The heliacal rising of this star came at the time of
inundation and the start of the Egyptian New Year.
As a goddess of the
inundation, she was a goddess of fertility. She also was linked to the pharaoh
and his journey in the afterlife.
In the mythology of the NTRs (who would latter be called
gods by the Greeks), the Sopdet star is their solar home. The source of not
only these enlightened being but was viewed as the ultimate source of knowledge.
This star can be seen from almost every inhabited region of Earths surface.
This celestial body was sacred to the Freemason and the
order of the Eastern star.
Even as early as the 1st Dynasty, she was known as 'the
bringer of the new year and the Nile flood'. When Sirius appeared in the sky
each year, the Nile generally started to flood and bring fertility to the land.

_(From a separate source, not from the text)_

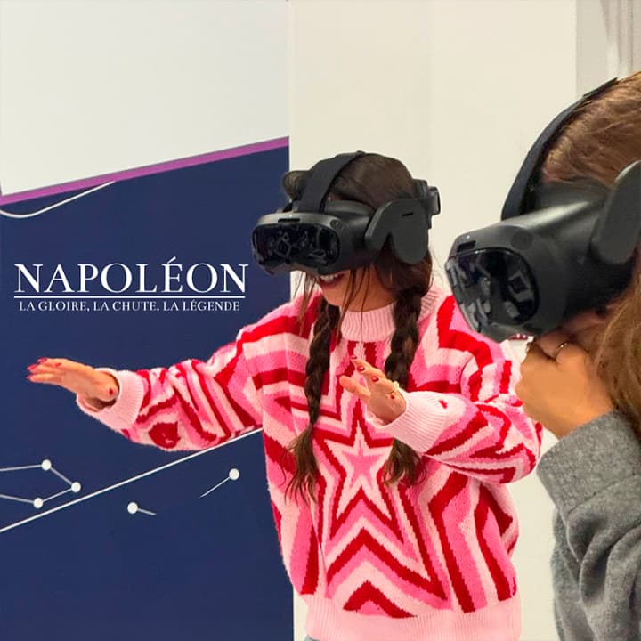 Napoléon, l'Épopée Immersive - une expérience en réalité virtuelle Plongez dans l'histoire de Napoléon en réalité virtuelle avec Napoléon, l’Épopée Immersive. Grâce à un casque de réalité virtuelle de dernière génération, laissez-vous transporter par Napoléon lui-même dans des moments clés de son histoire. Déambulez librement à travers des scènes marquantes, comme la réunion d’état-major avant la bataille d’Austerlitz, la charge des cuirassiers, ou encore l’ambiance glaciale de la Bérézina.

The ancient Egyptians connected the two events, and so Sopdet took on the
aspects of a goddess of not only the star and of the inundation, but of the
fertility that came to the land of Egypt with the flood. The flood and the
rising of Sirius also marked the ancient Egyptian New Year, and so she also was
thought of as a goddess of the New Year.
She is depicted as a nude figure wearing a conical white
crown of Lower Egypt surmounted by a star. Late in Egyptian mythology she
becomes largely syncretized with Isis.
heliacal rising of the bright star preceded the usual annual
flooding of the Nile.[8] It was therefore apparently used for the solar civil
calendar which largely superseded the original lunar calendar in the 3rd
millennium BC
During the Old Kingdom, she was an important goddess of the
annual flood and a psychopomp guiding deceased pharaohs through the Egyptian
underworld.
From the Middle Kingdom, Sopdet sometimes appeared as a god
who held up part of Nut (the sky or firmament) with Hathor.
She is also thought to be a guide in the afterlife for the
pharaoh, letting him fly into the sky to join the gods, showing him 'goodly
roads' in the Field of Reeds and helping him become one of the imperishable
stars. She was thought to be living on the horizon, encircled by the Duat.
was the deification of perception in the Heliopolitan Ennead
cosmogony and is probably equivalent to the intellectual energies of the heart
of Ptah in the Memphite cosmogeny. He also had a connection with writing and was
often shown in anthropomorphic form holding a papyrus scroll. This papyrus was
thought to embody intellectual achievements.
Sia is a deity belonging to the Heliopolitan Creation myth.
She represents “personification of mind” and “deification of wisdom” and she is
born from one drop of blood from Ra, the ancient Egyptian sun god. There exists
another god who is also born from one drop of blood from Ra, it is Hu and Hu is
the “deification of the word of creation”. Both Sia and Hu represents insight
and wisdom of Ra.
At the beginning of time, the god Atum emerged from the
swirling waters of chaos to stand on the first dry land, the primordial
ben-ben, to begin the act of creation.
The universe was created and given form by magical means,
and magic sustained both the visible and invisible worlds. Heka was thought to
have been present at creation and was the generative power Atum Ra drew upon in
order to create life.
To me belonged the universe before you gods came into being.
You have come afterwards because I am Heka" (Spell, 261).
Sia is the thought,
the idea the inspiration.
Hu is the execution of those idea through the spoken word.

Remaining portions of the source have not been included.